=== Information ===
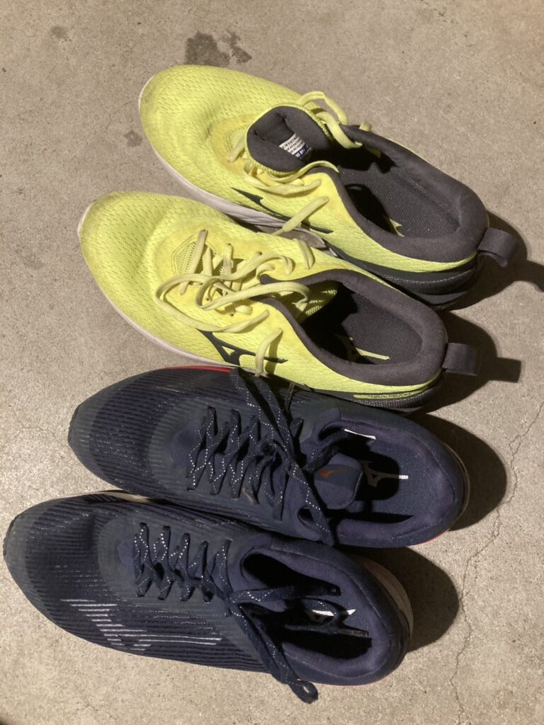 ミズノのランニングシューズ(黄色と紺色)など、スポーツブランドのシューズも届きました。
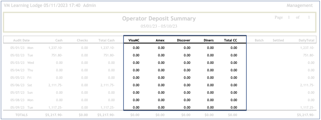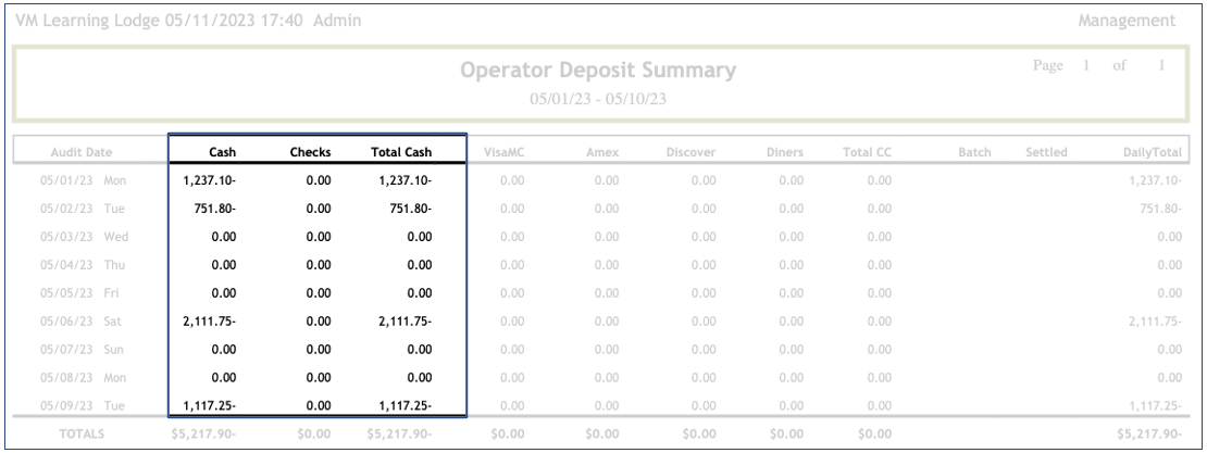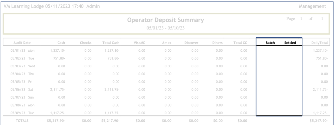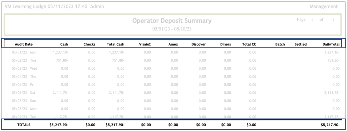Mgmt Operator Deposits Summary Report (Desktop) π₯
===
=== Information ===
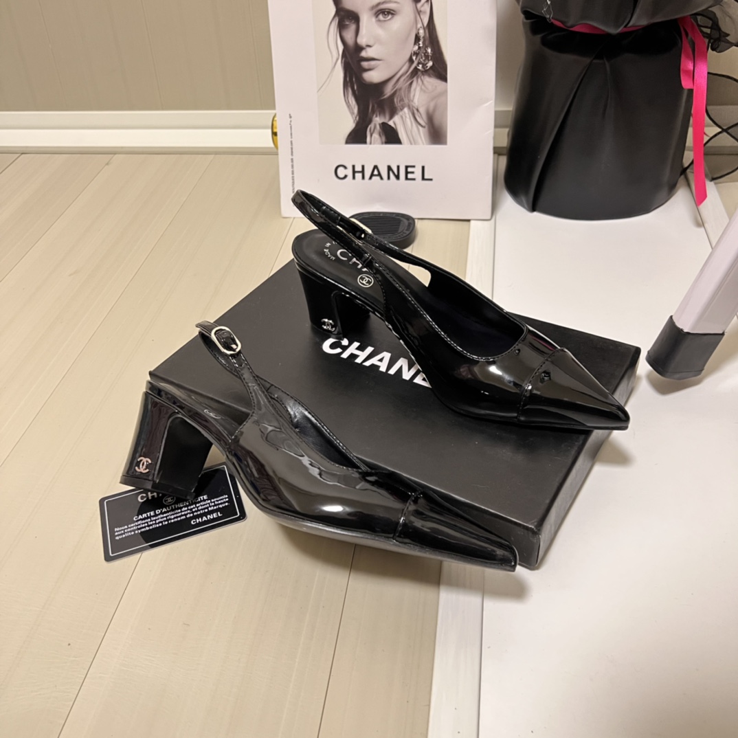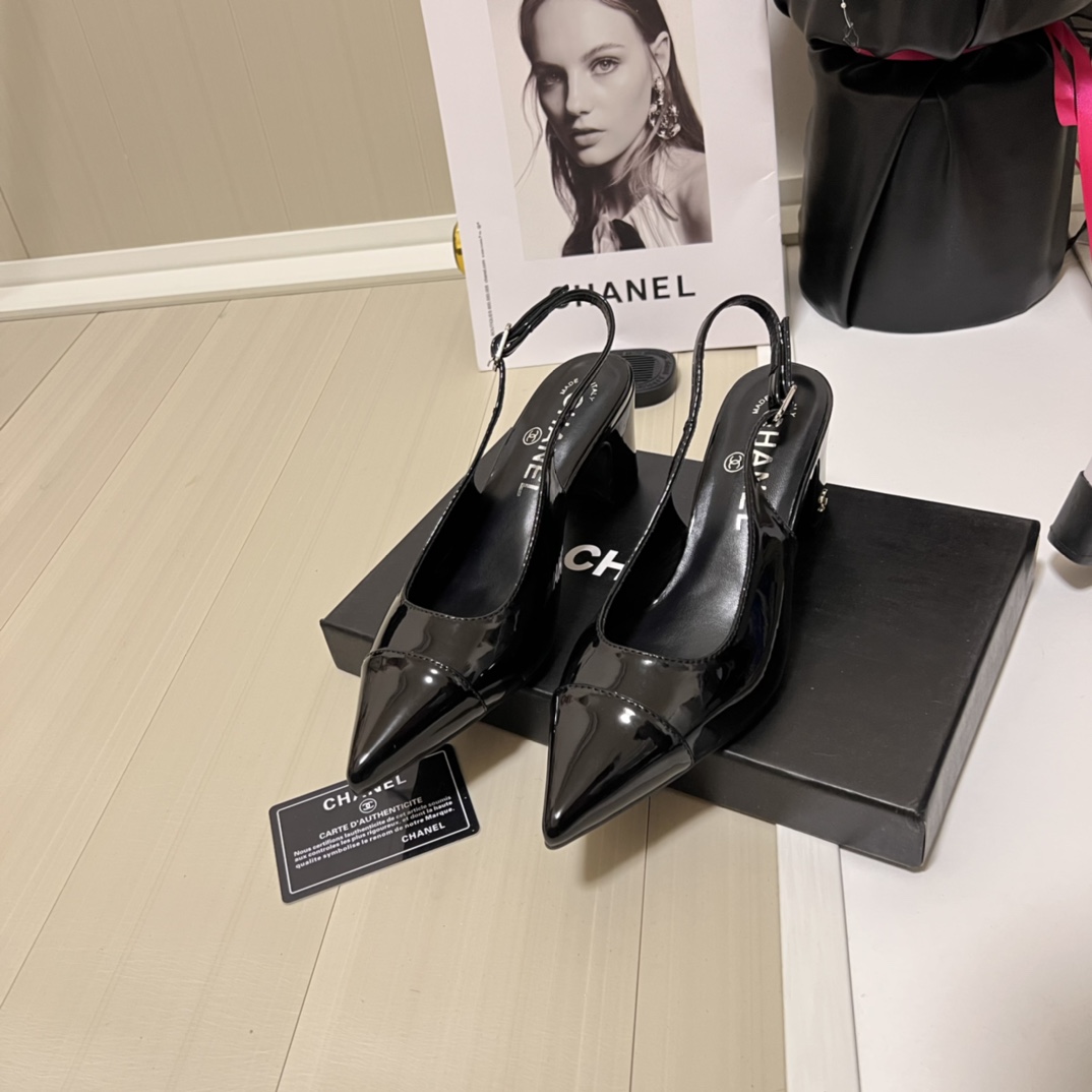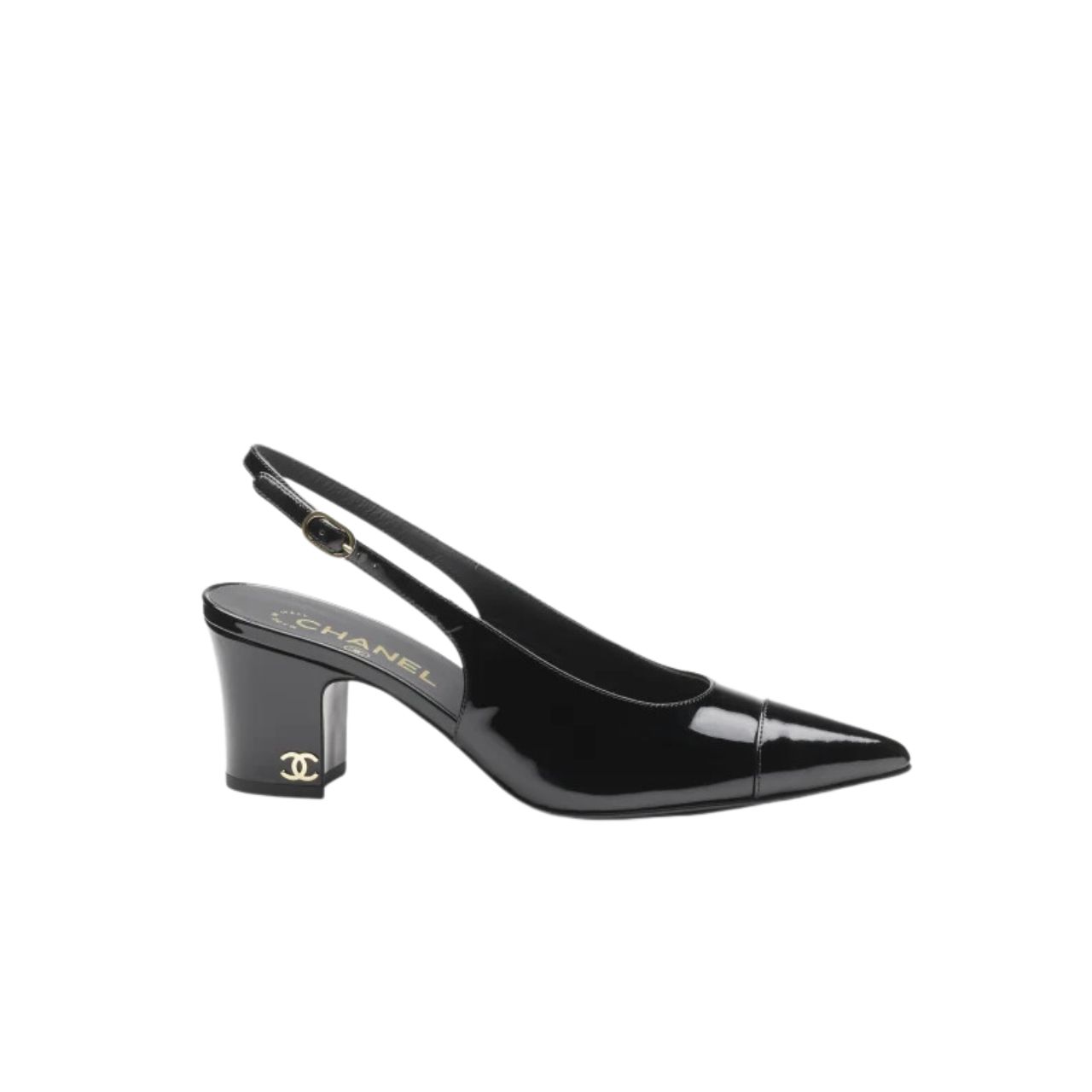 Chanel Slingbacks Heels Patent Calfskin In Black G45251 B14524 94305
===
=== Information ===
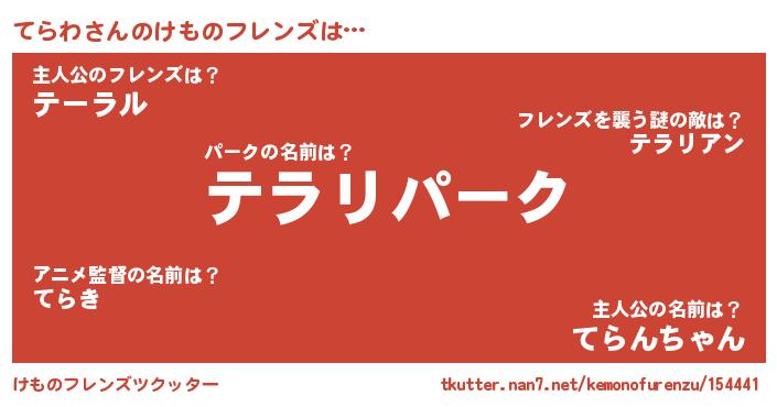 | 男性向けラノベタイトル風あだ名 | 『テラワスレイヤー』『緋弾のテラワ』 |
===
(Exercise description): For the data above, set down exactly the lines from the line with "ミズノのランニングシューズ(黄色と紺色)" to the line with "Mgmt Operator Deposits", both included, leaving pictures out.

(Response to this task):
 ミズノのランニングシューズ(黄色と紺色)など、スポーツブランドのシューズも届きました。
Mgmt Operator Deposits Summary Report (Desktop) π₯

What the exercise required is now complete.